§ **WHAT TO DO**
In the copy, every line of the material that follows must appear exactly, and no pictures should.

*** Opening DATASET SECTION ***

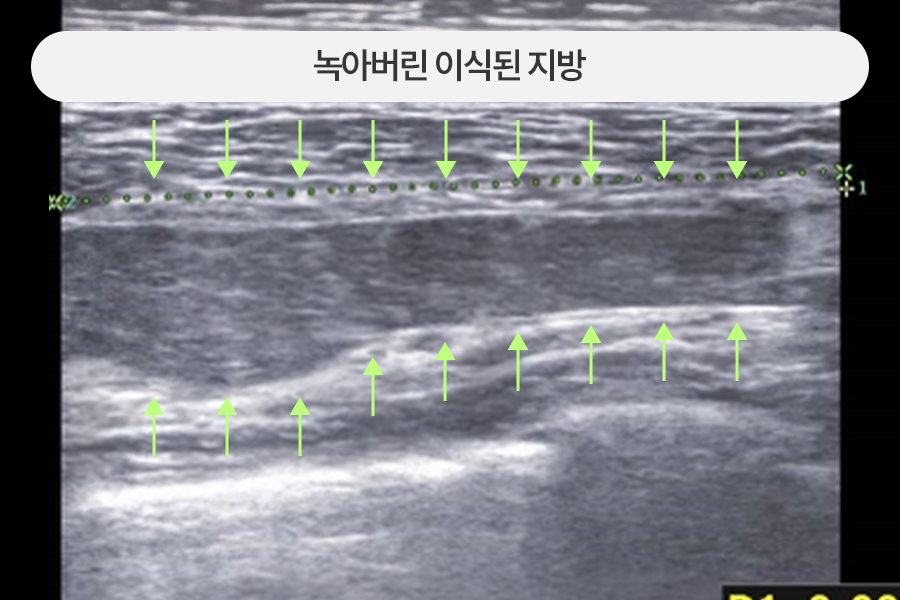 초음파와 내시경 등 영상 장치 가이드 하에 다양한 지방이식 부작용 병변들을 제거하였습니다.
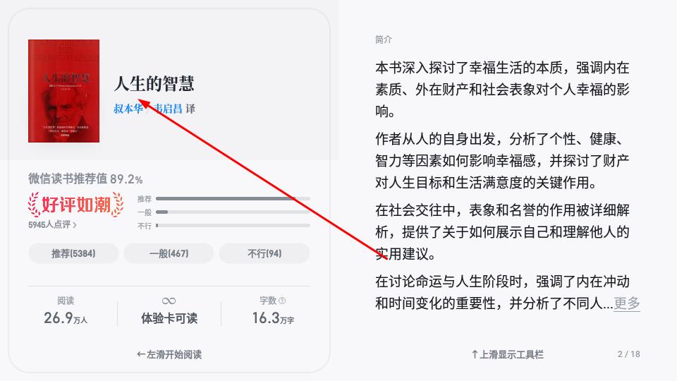2、找到目标书籍如【人生的智慧】,点击进入详情页,查看简介、评分及阅读数据,判断是否阅读。
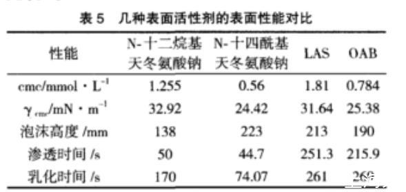 對N-十四酰基天冬氨酸鈉鹽的幾項表面性能進行了測定,并與其他表面活性劑進行了對比,結(jié)果見表5。
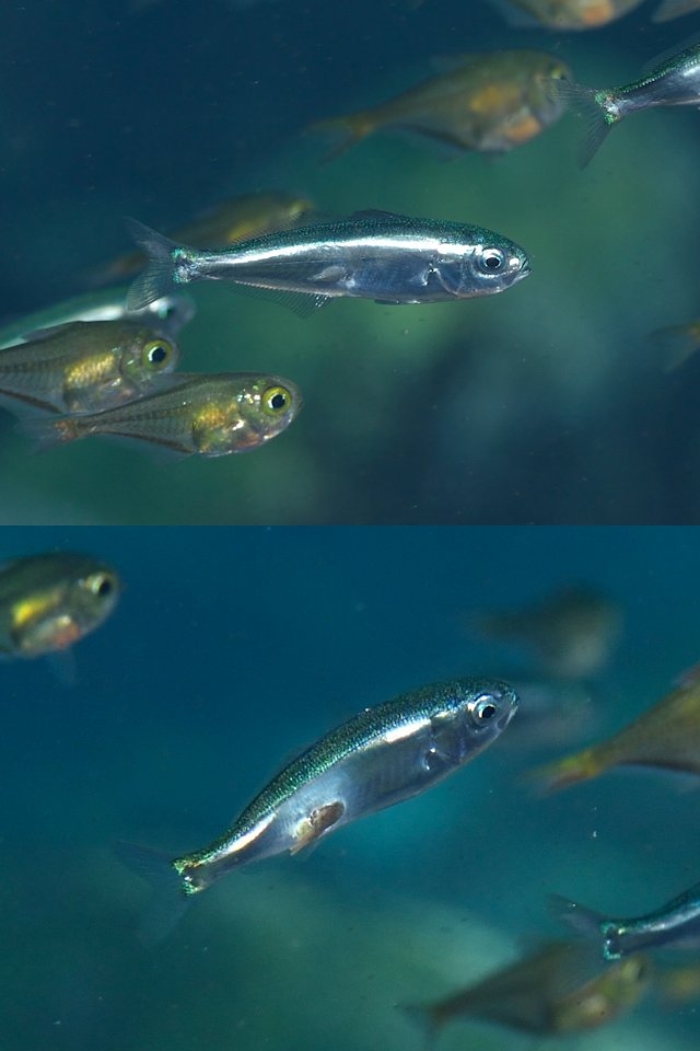 冬のブリマチ@IOPの入り口にあるミドリイシ付近に、あまり見かけないサカナが群れてた。魚屋に並びそうな色形してるけど、イワシにしては短いし、アジにしては肉厚すぎる。ボラかな?いや、質感が違うような。。。やっぱりサバか??ただでさえこの手の幼魚はわかりにくいのに、ちっとも近づかせてくれないから写真も撮れない。。。もーいーやと諦めてエギジット口に向かって泳いでたら、同じサカナが1匹だけキンメモドキの群に混じってた。どうやら傷ついて仲間とは一緒に泳げなくなり、しかたなく泳ぎが緩やかなキンメモドキの群に居候してる様子。とにかく撮影のチャンスだ!!ってことで、写真を撮ることができたわけだけど、やっぱり種類はよくわかんないや。

*** Closing DATASET SECTION ***

§ **PROBLEM SOLUTION**
 초음파와 내시경 등 영상 장치 가이드 하에 다양한 지방이식 부작용 병변들을 제거하였습니다.
2、找到目标书籍如【人生的智慧】,点击进入详情页,查看简介、评分及阅读数据,判断是否阅读。
 對N-十四酰基天冬氨酸鈉鹽的幾項表面性能進行了測定,并與其他表面活性劑進行了對比,結(jié)果見表5。
 冬のブリマチ@IOPの入り口にあるミドリイシ付近に、あまり見かけないサカナが群れてた。魚屋に並びそうな色形してるけど、イワシにしては短いし、アジにしては肉厚すぎる。ボラかな?いや、質感が違うような。。。やっぱりサバか??ただでさえこの手の幼魚はわかりにくいのに、ちっとも近づかせてくれないから写真も撮れない。。。もーいーやと諦めてエギジット口に向かって泳いでたら、同じサカナが1匹だけキンメモドキの群に混じってた。どうやら傷ついて仲間とは一緒に泳げなくなり、しかたなく泳ぎが緩やかなキンメモドキの群に居候してる様子。とにかく撮影のチャンスだ!!ってことで、写真を撮ることができたわけだけど、やっぱり種類はよくわかんないや。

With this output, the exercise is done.